═══ Extracted records

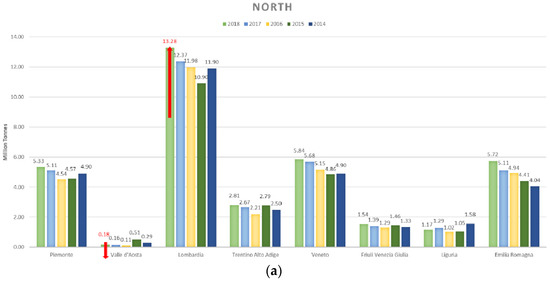 The situation in the centre is similar, with the bigger quantity of waste grouped in the larger regions such as Toscana with a value up to 3.6 million tonnes of waste in 2018, followed by Lazio with 3.5 million in 2018. In the centre, because the number of regions that comprise it is reduced, the results are more homogeneous with two regions with higher rates and the other two with reduced numbers, but in the range of more than 1 million such in March in 2018, as shown in Figure 5b.
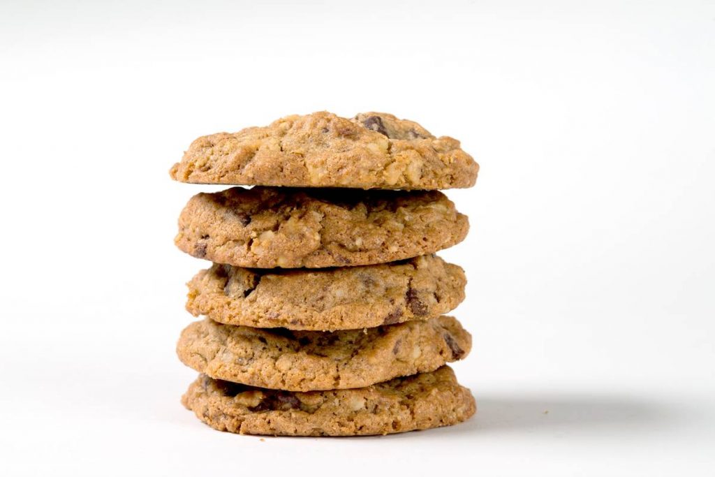 INGREDIENTES: (manteiga à temperatura ambiente – 226gr); açúcar granulado (16gr); 2 ovos (L); extrato de baunilha (6.25ml); sumo de limão (1.25ml); farinha (280gr); aveia em flocos (45g); fermento em pó (6gr); sal (6gr); 1 pitada de canela; pepitas de chocolate semi-doces (465gr); nozes picadas (220gr).
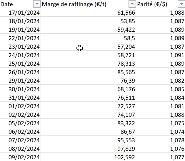 L’UFIP publie régulièrement les marges de raffinage sur cette adresse. Voici ce que nous indiquent les marges pour ce mois de Février :
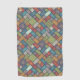Graphic of assorted mandalas within square and rectangular shapes in a tiled design, warm muted colours, seamless repeat pattern
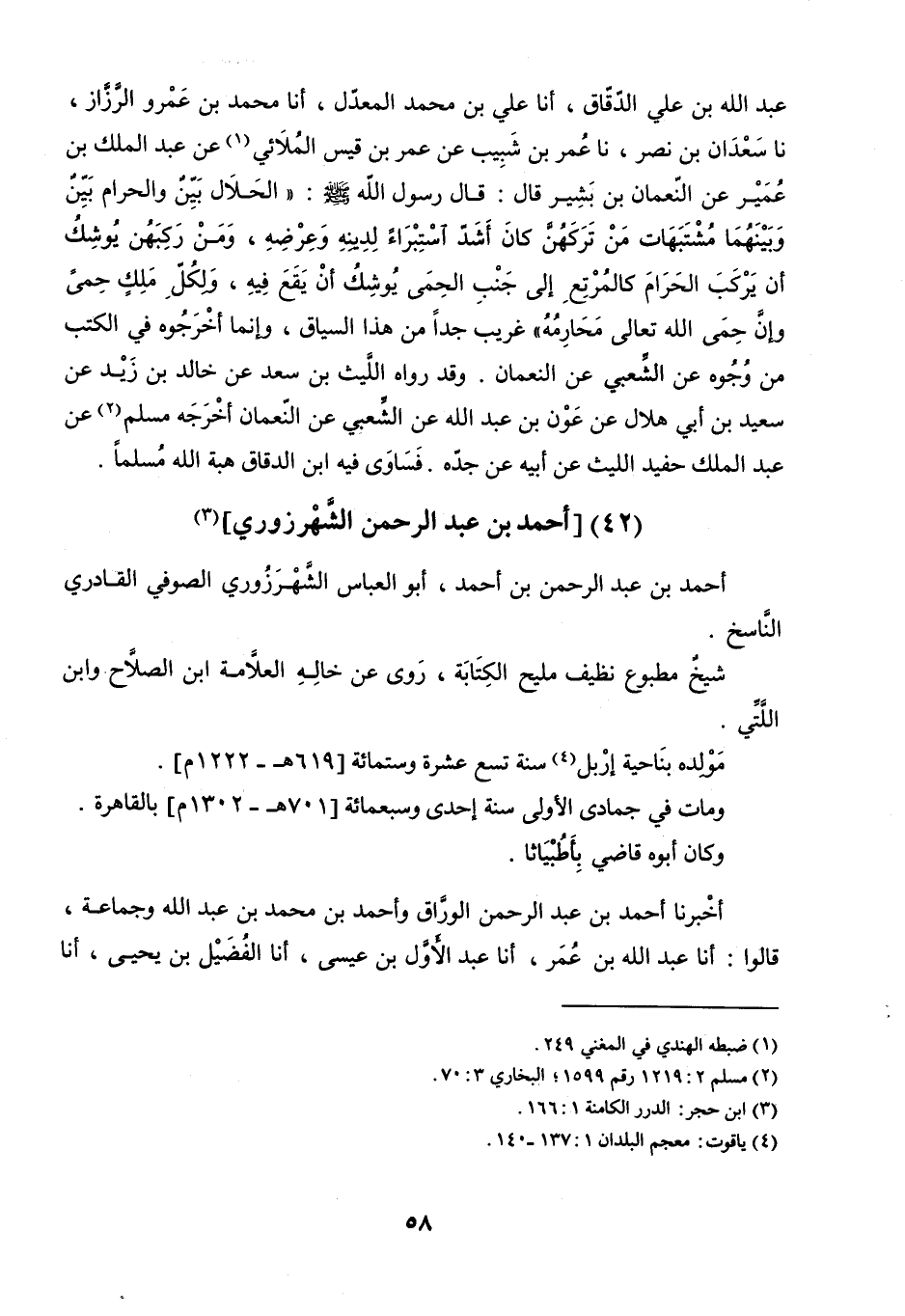 عَبْدُ اللَّهِ بْنُ عَلِيٍّ الدَّقَّاقُ، أنا عَلِيُّ بْنُ مُحَمَّدٍ الْمُعَدَّلُ، أنا مُحَمَّدُ بْنُ عَمْرٍو الرَّزَّازُ، نا سَعْدَانُ بْنُ نَصْرٍ، نا عُمَرُ بْنُ شَبِيبٍ، عَنْ عُمَرَ بْنِ قَيْسٍ الْمُلائِيِّ، عَنْ عَبْدِ الْمَلِكِ بْنِ عُمَيْرٍ، عَنِ النُّعْمَانِ بْنِ بَشِيرٍ، قَالَ: قَالَ رَسُولُ اللَّهِ صَلَّى اللَّهُ عَلَيْهِ وَسَلَّمَ: «الْحَلالُ بَيِّنٌ وَالْحَرَامُ بَيِّنٌ وَبَيْنَهُمَا مَشْتَبَهَاتٌ، مَنْ تَرَكَهُنَّ كَانَ أَشَدَّ اسْتِبْرَاءً لِدِينِهِ وَعِرْضِهِ، وَمَنْ رَكَبَهُنَّ يُوشِكُ أَنْ يَرْكَبَ الْحَرَامَ كَالْمُرْتَعِ إِلَى جَنْبِ الْحِمَى يُوشِكُ أَنْ يَقَعَ فِيهِ، وَلِكُلِّ مَلِكٍ حِمًى وَإِنَّ حِمَى اللَّهِ تَعَالَى مَحَارِمُهُ» .

══════

# Exercise aim:
Above are the records; copy every one of them exactly and omit the images.

# Reply:
 The situation in the centre is similar, with the bigger quantity of waste grouped in the larger regions such as Toscana with a value up to 3.6 million tonnes of waste in 2018, followed by Lazio with 3.5 million in 2018. In the centre, because the number of regions that comprise it is reduced, the results are more homogeneous with two regions with higher rates and the other two with reduced numbers, but in the range of more than 1 million such in March in 2018, as shown in Figure 5b.
 INGREDIENTES: (manteiga à temperatura ambiente – 226gr); açúcar granulado (16gr); 2 ovos (L); extrato de baunilha (6.25ml); sumo de limão (1.25ml); farinha (280gr); aveia em flocos (45g); fermento em pó (6gr); sal (6gr); 1 pitada de canela; pepitas de chocolate semi-doces (465gr); nozes picadas (220gr).
 L’UFIP publie régulièrement les marges de raffinage sur cette adresse. Voici ce que nous indiquent les marges pour ce mois de Février :
Graphic of assorted mandalas within square and rectangular shapes in a tiled design, warm muted colours, seamless repeat pattern
 عَبْدُ اللَّهِ بْنُ عَلِيٍّ الدَّقَّاقُ، أنا عَلِيُّ بْنُ مُحَمَّدٍ الْمُعَدَّلُ، أنا مُحَمَّدُ بْنُ عَمْرٍو الرَّزَّازُ، نا سَعْدَانُ بْنُ نَصْرٍ، نا عُمَرُ بْنُ شَبِيبٍ، عَنْ عُمَرَ بْنِ قَيْسٍ الْمُلائِيِّ، عَنْ عَبْدِ الْمَلِكِ بْنِ عُمَيْرٍ، عَنِ النُّعْمَانِ بْنِ بَشِيرٍ، قَالَ: قَالَ رَسُولُ اللَّهِ صَلَّى اللَّهُ عَلَيْهِ وَسَلَّمَ: «الْحَلالُ بَيِّنٌ وَالْحَرَامُ بَيِّنٌ وَبَيْنَهُمَا مَشْتَبَهَاتٌ، مَنْ تَرَكَهُنَّ كَانَ أَشَدَّ اسْتِبْرَاءً لِدِينِهِ وَعِرْضِهِ، وَمَنْ رَكَبَهُنَّ يُوشِكُ أَنْ يَرْكَبَ الْحَرَامَ كَالْمُرْتَعِ إِلَى جَنْبِ الْحِمَى يُوشِكُ أَنْ يَقَعَ فِيهِ، وَلِكُلِّ مَلِكٍ حِمًى وَإِنَّ حِمَى اللَّهِ تَعَالَى مَحَارِمُهُ» .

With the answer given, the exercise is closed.